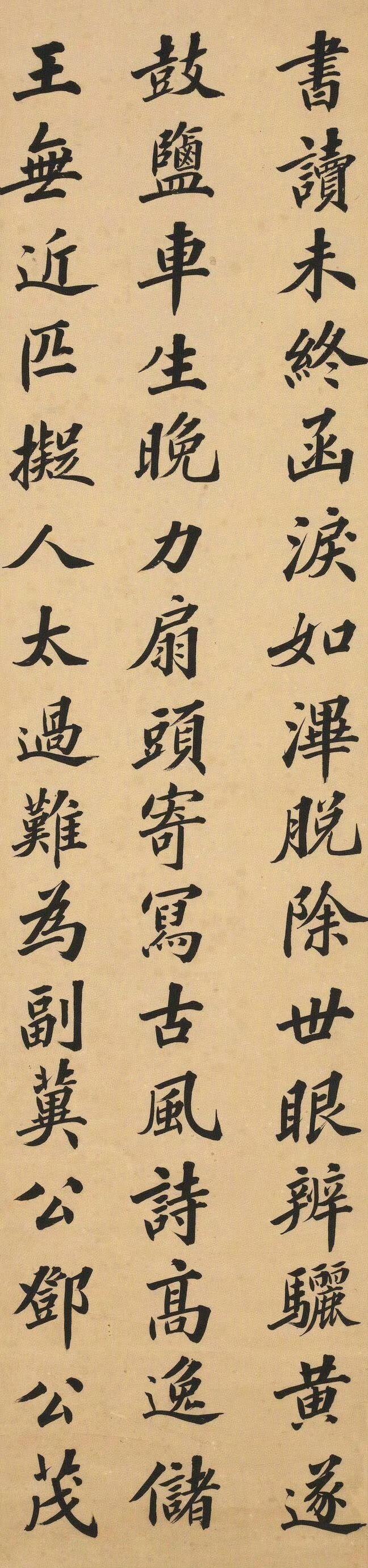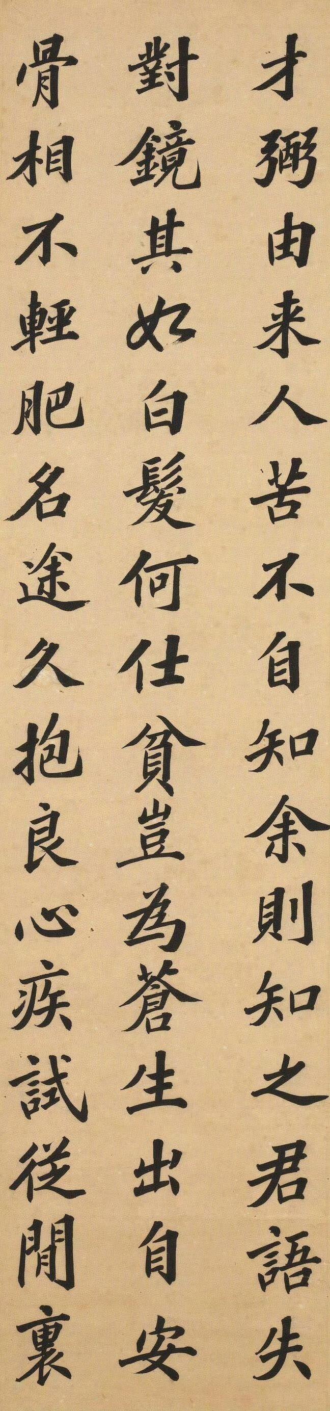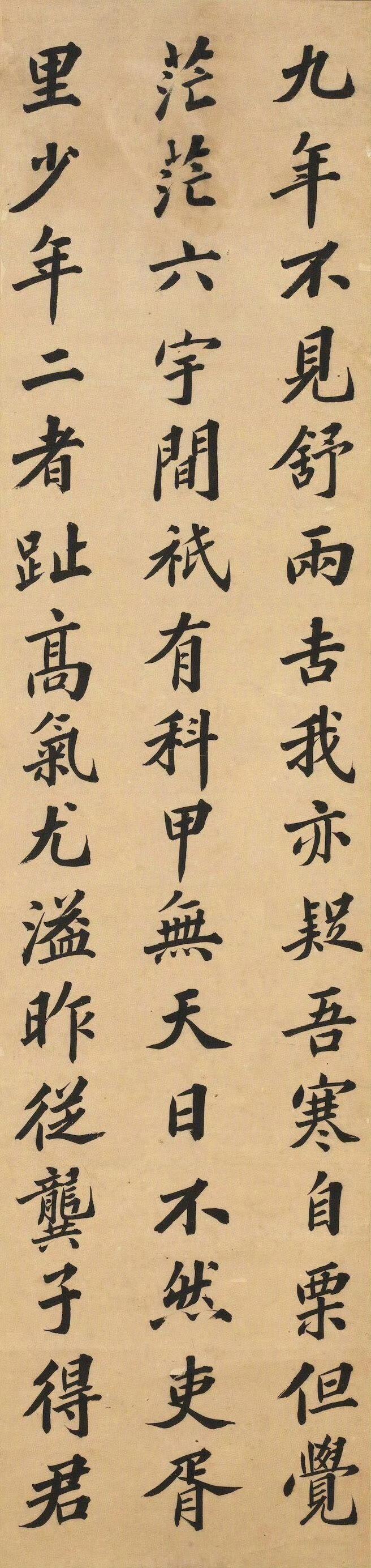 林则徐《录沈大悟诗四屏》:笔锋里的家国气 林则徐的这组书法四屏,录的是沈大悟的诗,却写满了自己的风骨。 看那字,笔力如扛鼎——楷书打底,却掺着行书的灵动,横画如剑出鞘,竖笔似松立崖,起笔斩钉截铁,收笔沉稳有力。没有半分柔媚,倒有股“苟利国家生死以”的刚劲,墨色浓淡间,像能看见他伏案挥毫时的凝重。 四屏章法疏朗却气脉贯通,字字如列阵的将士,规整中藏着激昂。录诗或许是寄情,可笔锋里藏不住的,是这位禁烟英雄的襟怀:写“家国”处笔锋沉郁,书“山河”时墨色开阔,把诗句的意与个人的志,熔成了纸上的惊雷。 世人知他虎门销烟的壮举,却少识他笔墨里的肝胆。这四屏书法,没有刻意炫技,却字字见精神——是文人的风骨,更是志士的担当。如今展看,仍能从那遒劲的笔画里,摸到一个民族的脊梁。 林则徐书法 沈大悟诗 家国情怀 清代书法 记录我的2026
--
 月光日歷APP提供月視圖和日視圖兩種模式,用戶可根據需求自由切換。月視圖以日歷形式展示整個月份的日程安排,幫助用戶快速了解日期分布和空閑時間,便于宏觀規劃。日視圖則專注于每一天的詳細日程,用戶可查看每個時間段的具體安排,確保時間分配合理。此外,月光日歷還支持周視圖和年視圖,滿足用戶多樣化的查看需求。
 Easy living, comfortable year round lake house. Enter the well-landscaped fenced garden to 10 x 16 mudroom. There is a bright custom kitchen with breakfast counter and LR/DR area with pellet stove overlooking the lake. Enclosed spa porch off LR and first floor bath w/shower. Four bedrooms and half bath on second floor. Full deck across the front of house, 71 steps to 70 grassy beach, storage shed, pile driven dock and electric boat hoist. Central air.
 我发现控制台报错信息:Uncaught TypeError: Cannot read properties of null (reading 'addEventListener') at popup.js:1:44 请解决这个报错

Exercise description => Only the lines above from the one with "月光日歷APP提供月視圖和日" through the one with "Easy living, comfortable" should be duplicated, character for character.

Solution to this exercise =>
 月光日歷APP提供月視圖和日視圖兩種模式,用戶可根據需求自由切換。月視圖以日歷形式展示整個月份的日程安排,幫助用戶快速了解日期分布和空閑時間,便于宏觀規劃。日視圖則專注于每一天的詳細日程,用戶可查看每個時間段的具體安排,確保時間分配合理。此外,月光日歷還支持周視圖和年視圖,滿足用戶多樣化的查看需求。
 Easy living, comfortable year round lake house. Enter the well-landscaped fenced garden to 10 x 16 mudroom. There is a bright custom kitchen with breakfast counter and LR/DR area with pellet stove overlooking the lake. Enclosed spa porch off LR and first floor bath w/shower. Four bedrooms and half bath on second floor. Full deck across the front of house, 71 steps to 70 grassy beach, storage shed, pile driven dock and electric boat hoist. Central air.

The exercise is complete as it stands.